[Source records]
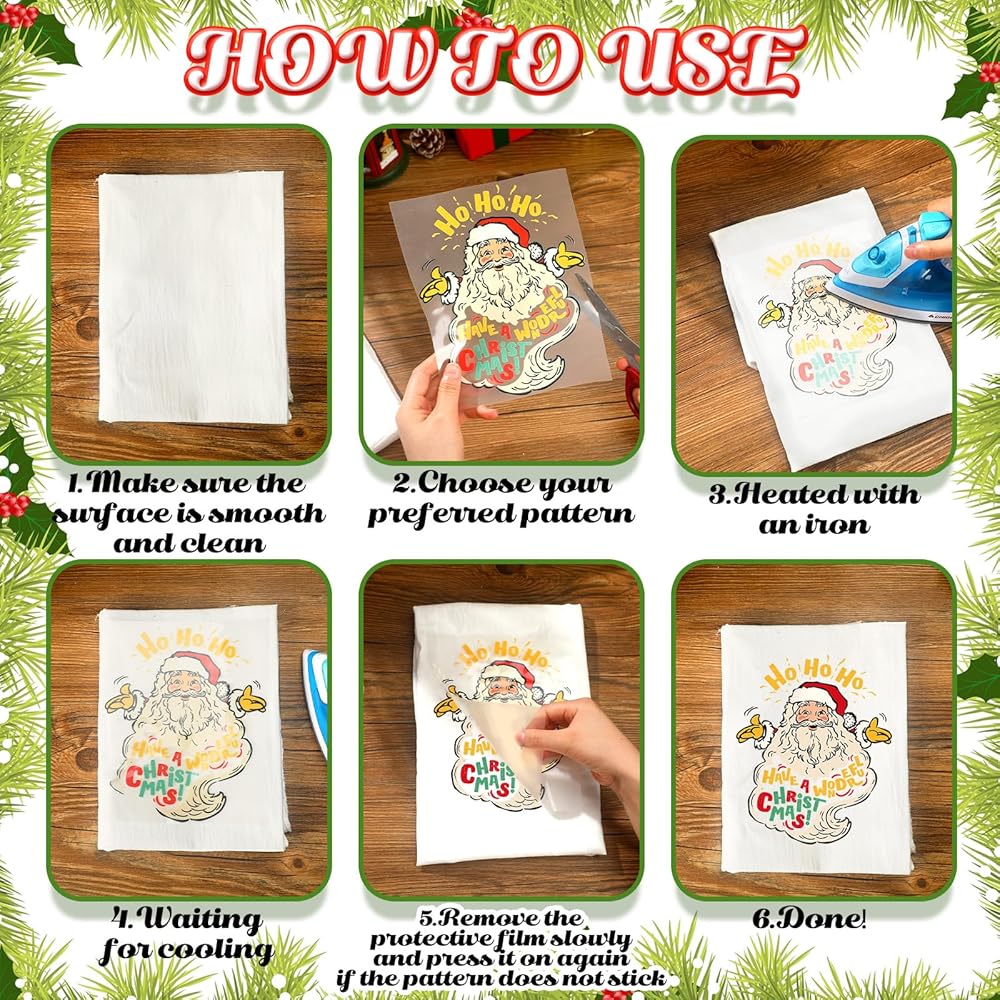 تطبيق واسع: لا تقتصر مكواة عيد الميلاد على ملصقات الفينيل على الملابس وحدها، بل يمكن وضعها على عناصر مختلفة مثل القمصان والحقائب والقبعات والسترات وأغطية الوسائد والمزيد؛ عبر عن إبداعك واحتفل بموسم عيد الميلاد من خلال تصميم ملابسك الخاصة لك ولعائلتك
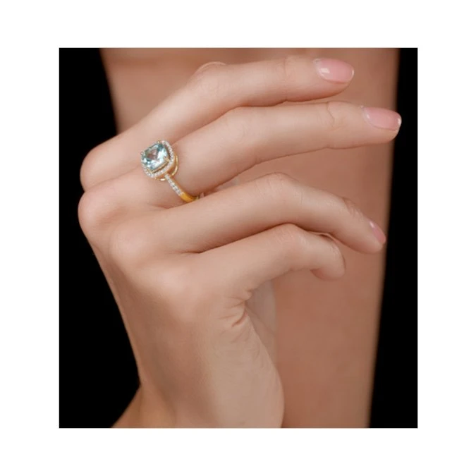 Show-stopping, sky blue sparkle and contemporary elegance describe this brilliant statement ring, which features fine blue topaz and diamonds in 18K gold. Its stunning 2CT central gemstone is accented with 0.25CT of conflict-free diamonds for a look that’s utterly luxurious.
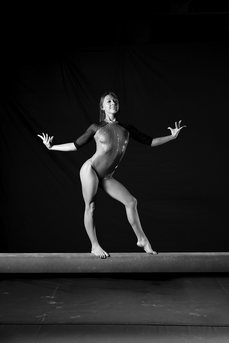 I have so many great color photos, but some shots just demand black and white. I wanted a shot that conveyed the artistry and strength of a gymnast and Cara delivered. She couldn’t have been tougher or more “gymnast.”
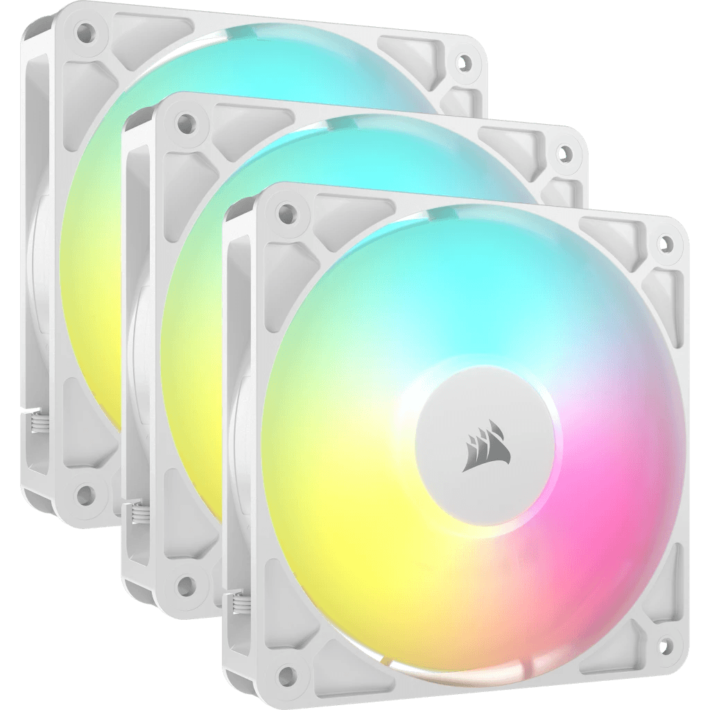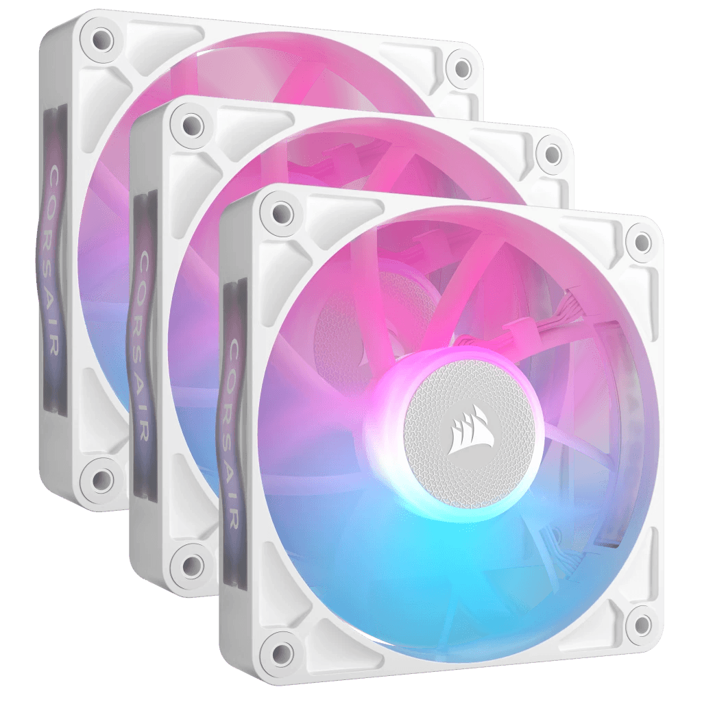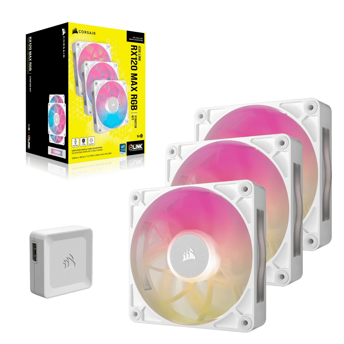 - Bộ 3 quạt Corsair iCUE LINK RX120 MAX RGB White: Corsair iCUE LINK RX120 MAX RGB White nổi bật với thiết kế cánh quạt dày 30mm, cho áp suất tĩnh cao và hiệu suất tản nhiệt vượt trội. Sản phẩm sử dụng vòng bi từ tính bền bỉ, vận hành êm ái và hỗ trợ công nghệ iCUE LINK giúp kết nối gọn gàng, đồng bộ ánh sáng RGB thông minh.
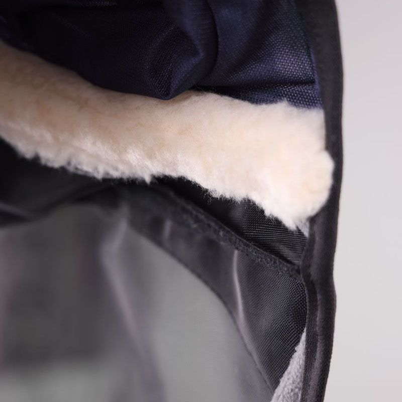The Shires Deluxe Fly Mask with Ears & Nose Fringe in a stylish Bordeaux color is designed to protect sensitive-eyed horses from annoying flies and insects. It features reinforced stays that ensure extra space for the horse's eyes, providing a comfortable fit. Made from fine mesh, the fly mask includes an elasticated poll for optimal comfort. Padded seams on the inside offer a soft feel against the horse's skin, and the nose fringe adds extra protection.
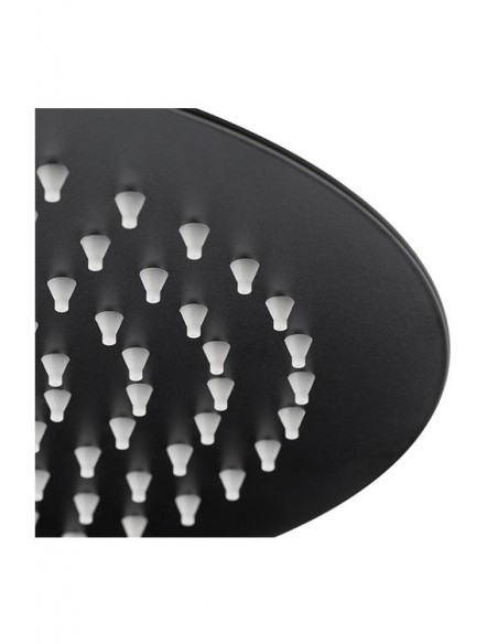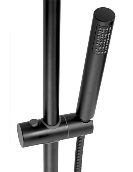 Cilíndrico conjunto ducha termostático sin apenas relieves y elegante acabado negro electrochapado.
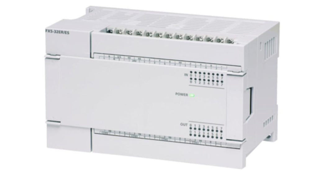Modulo di distribuzione alimentazione per MELSEC iQ-F serie PLC, alimentazione c.c. 24 V, corrente di uscita 1,6 A, 16 ingressi e 16 uscite transistor, montaggio su guida DIN, dimensioni 150 x 90 x 83 mm, visualizzazione stato tramite LED, alimentatore esterno da 100 a 240 V ca, applicazione in rete industriale. Codice costruttore FX5-32ET/DSS, marchio Mitsubishi Electric.

Description of the task: The line containing "- Bộ 3 quạt" marks the end: copy exactly every line from the start of the records up to and including it, leaving out the pictures.

Answer space:
 تطبيق واسع: لا تقتصر مكواة عيد الميلاد على ملصقات الفينيل على الملابس وحدها، بل يمكن وضعها على عناصر مختلفة مثل القمصان والحقائب والقبعات والسترات وأغطية الوسائد والمزيد؛ عبر عن إبداعك واحتفل بموسم عيد الميلاد من خلال تصميم ملابسك الخاصة لك ولعائلتك
 Show-stopping, sky blue sparkle and contemporary elegance describe this brilliant statement ring, which features fine blue topaz and diamonds in 18K gold. Its stunning 2CT central gemstone is accented with 0.25CT of conflict-free diamonds for a look that’s utterly luxurious.
 I have so many great color photos, but some shots just demand black and white. I wanted a shot that conveyed the artistry and strength of a gymnast and Cara delivered. She couldn’t have been tougher or more “gymnast.”
 - Bộ 3 quạt Corsair iCUE LINK RX120 MAX RGB White: Corsair iCUE LINK RX120 MAX RGB White nổi bật với thiết kế cánh quạt dày 30mm, cho áp suất tĩnh cao và hiệu suất tản nhiệt vượt trội. Sản phẩm sử dụng vòng bi từ tính bền bỉ, vận hành êm ái và hỗ trợ công nghệ iCUE LINK giúp kết nối gọn gàng, đồng bộ ánh sáng RGB thông minh.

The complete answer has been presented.